An exact copy of the lines of the listing below between the "7-Piece Brown Cast" line and the "Since A to Z" line, both included, is the whole answer; please omit the pictures.

**Available data**
= Beginning of Section =

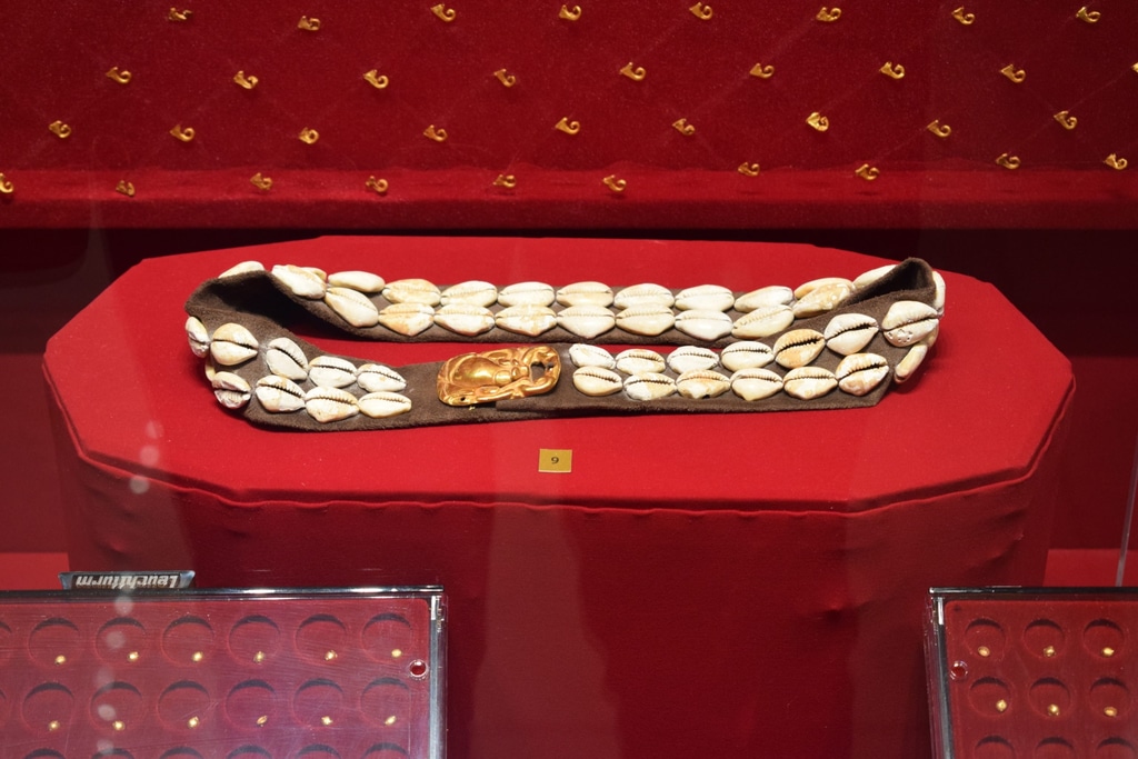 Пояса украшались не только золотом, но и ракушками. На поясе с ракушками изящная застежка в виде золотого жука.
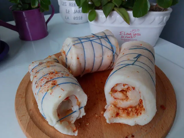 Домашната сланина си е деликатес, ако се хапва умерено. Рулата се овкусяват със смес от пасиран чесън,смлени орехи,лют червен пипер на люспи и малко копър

= End of Section =
= Beginning of Section =

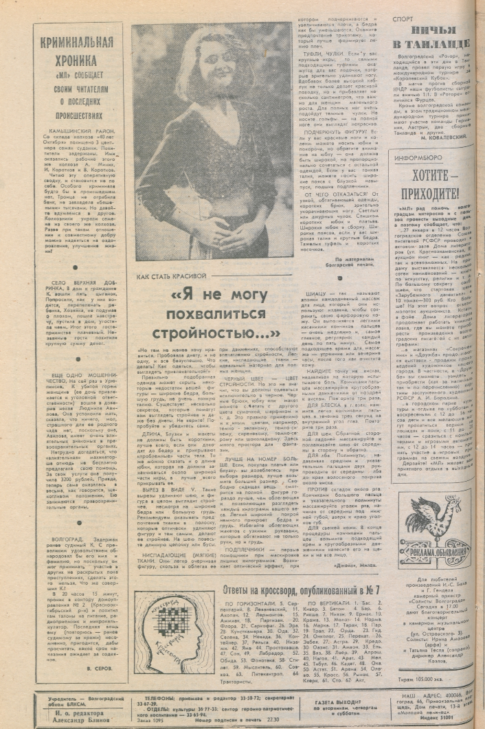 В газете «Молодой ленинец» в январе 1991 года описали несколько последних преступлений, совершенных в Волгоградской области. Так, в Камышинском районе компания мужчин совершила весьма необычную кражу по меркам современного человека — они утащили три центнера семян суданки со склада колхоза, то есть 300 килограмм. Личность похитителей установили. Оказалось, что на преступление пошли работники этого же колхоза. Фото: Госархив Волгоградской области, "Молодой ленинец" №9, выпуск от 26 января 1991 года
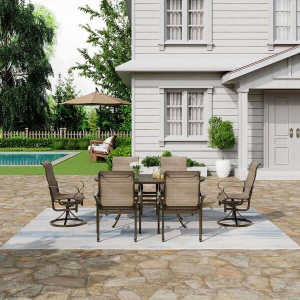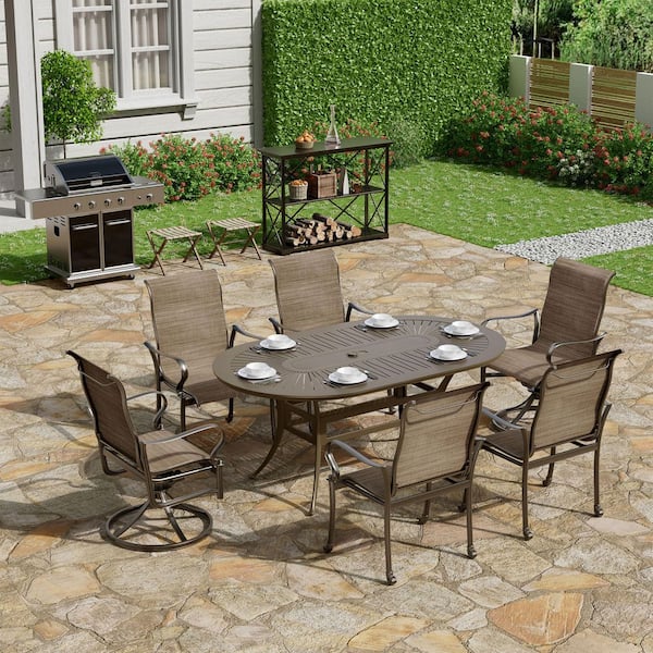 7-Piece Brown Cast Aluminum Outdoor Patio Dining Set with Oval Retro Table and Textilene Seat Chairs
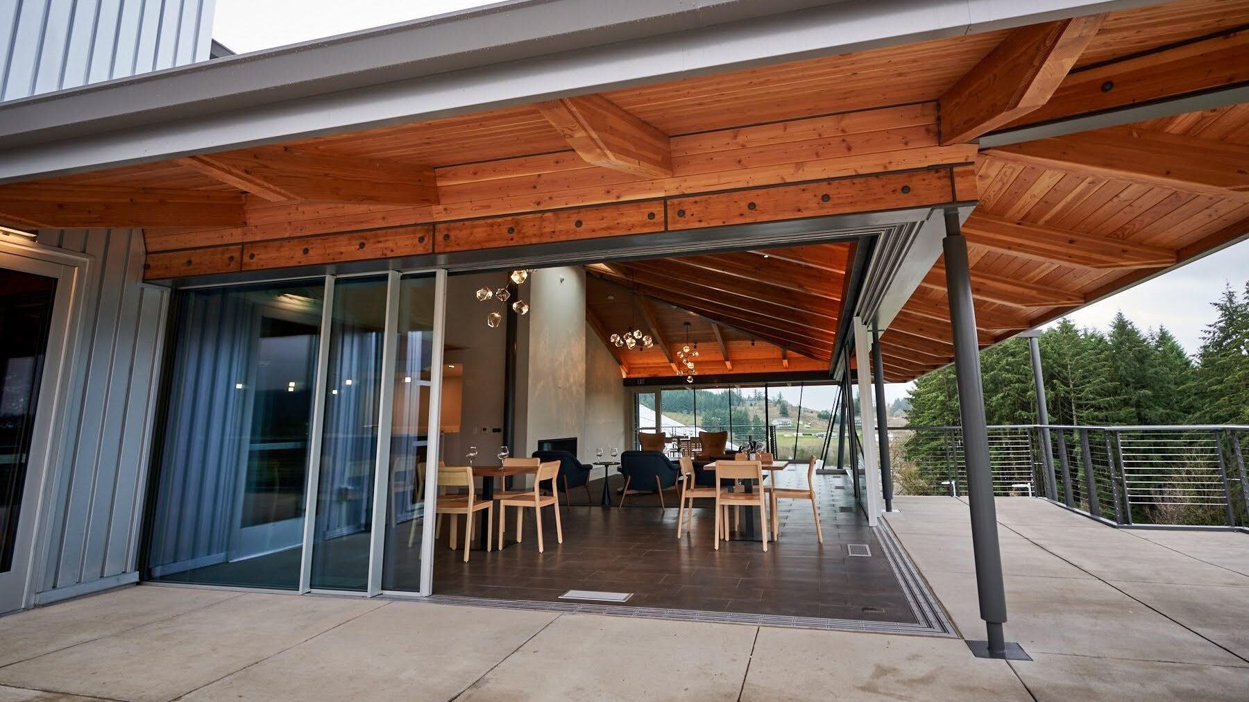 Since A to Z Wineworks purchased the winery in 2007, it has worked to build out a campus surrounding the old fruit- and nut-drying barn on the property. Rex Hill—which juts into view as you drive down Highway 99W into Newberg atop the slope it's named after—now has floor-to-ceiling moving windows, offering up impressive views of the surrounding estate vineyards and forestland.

= End of Section =

**Solution to this problem**
 7-Piece Brown Cast Aluminum Outdoor Patio Dining Set with Oval Retro Table and Textilene Seat Chairs
 Since A to Z Wineworks purchased the winery in 2007, it has worked to build out a campus surrounding the old fruit- and nut-drying barn on the property. Rex Hill—which juts into view as you drive down Highway 99W into Newberg atop the slope it's named after—now has floor-to-ceiling moving windows, offering up impressive views of the surrounding estate vineyards and forestland.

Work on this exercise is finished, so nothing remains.